7.1.1 Pipeline configuration file.

To run a pipeline (called a job), a configuration input file specifies functions and their order of execution. Table 6 overviews the entire pipeline configuration file with a definition for each parameter. JSON schema files exist for each component in the data common specification from Section 3.3. The functions component defines the available h-functions to run in the pipeline and the input files for each function. Appendix B contains a detailed example of a configuration file.

[Figure omitted. See PDF.]

Table 6. Configuration input file description.

https://doi.org/10.1371/journal.pone.0242453.t006

Fig 29 shows the schema for a configuration file that specifies how to compose and execute one or more functions of a pipeline.
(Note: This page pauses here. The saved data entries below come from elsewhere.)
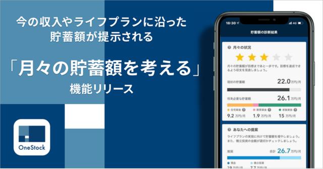 野村の資産管理アプリ「OneStock(ワンストック)」に新機能「月々の貯蓄額を考える」提供スタート
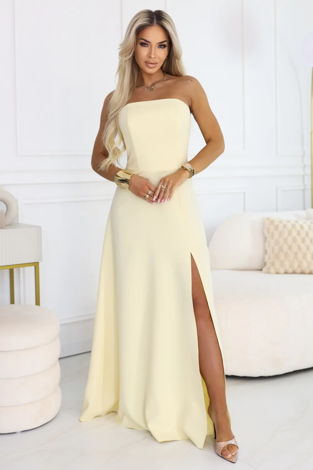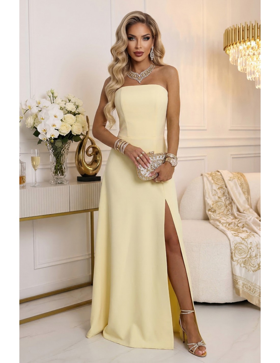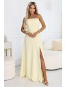 DM1596 Gorsetowa sukienka maxi z rozcięciem na nogę - żółta
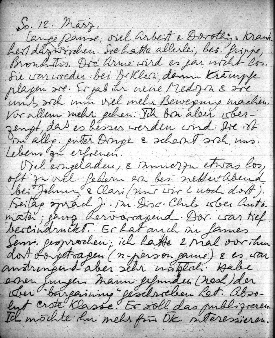 Oskar Morgenstern Tagebuchedition: Tagebuch 1948-49, Eintrag 1949-03-12
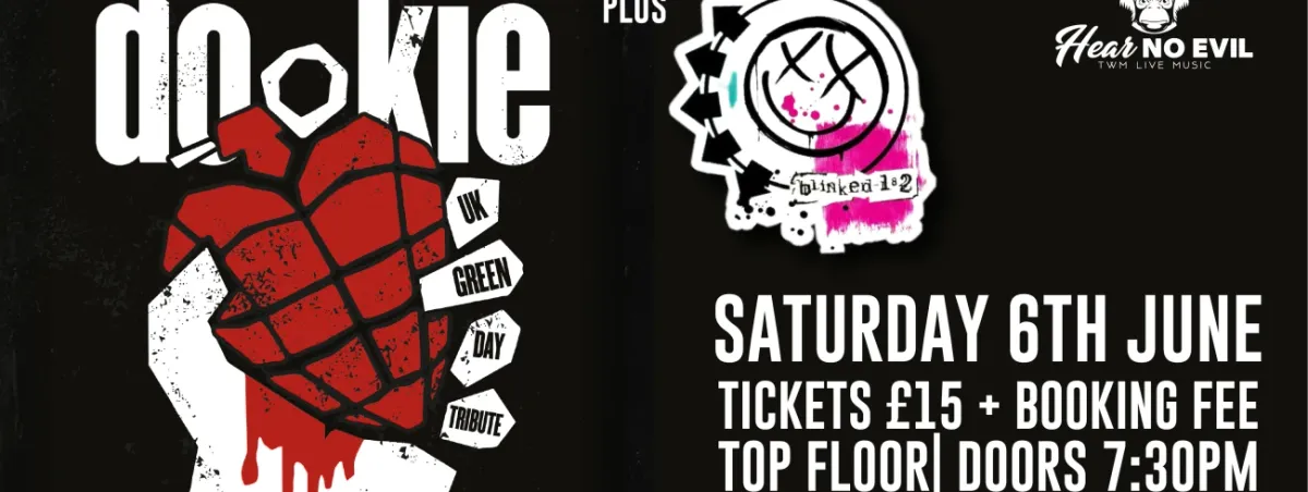 TWM Live presents Dookie, the UKβs longest running tribute to Green Day, returning for a 90-minute set of pure hits at Three Wise Monkeys, Colchester.Supporting is Blinked 182, playing all the classics.Date: 6 JuneVenue: Three Wise Monkeys, ColchesterTickets: Β£15Doors: 7:30pmAges: 18+Please note that access to the top floor of Three Wise Monkeys does not have a lift, but there are rest opportunities between each flight of stairs.Viewer discretion is advised: This show may potentially contain flashing and strobing lighting effects.Refund policy: We are unable to process any ticket refunds within 7 days of the event.

In Fig 29, there are up to five functions available and the required parameters for each function are defined; the enumeration is the list of valid candidate values that can be specified for functions in a specific pipeline.

7.1.2 Pipeline framework and data file schema.

The pipeline framework software of Fig 11 (written in Python) performs these operations: (i) reads and parses the configuration file; (ii) controls accessing input files, JSON schema files, transformation codes, and h-functions; (iii) checks files against their JSON schema and terminates gracefully if a verification fails; (iv) invokes the proper transformation functions (if applicable), (v) invokes the proper h-functions in their proper order (and any other operations), and (vi) handles errors.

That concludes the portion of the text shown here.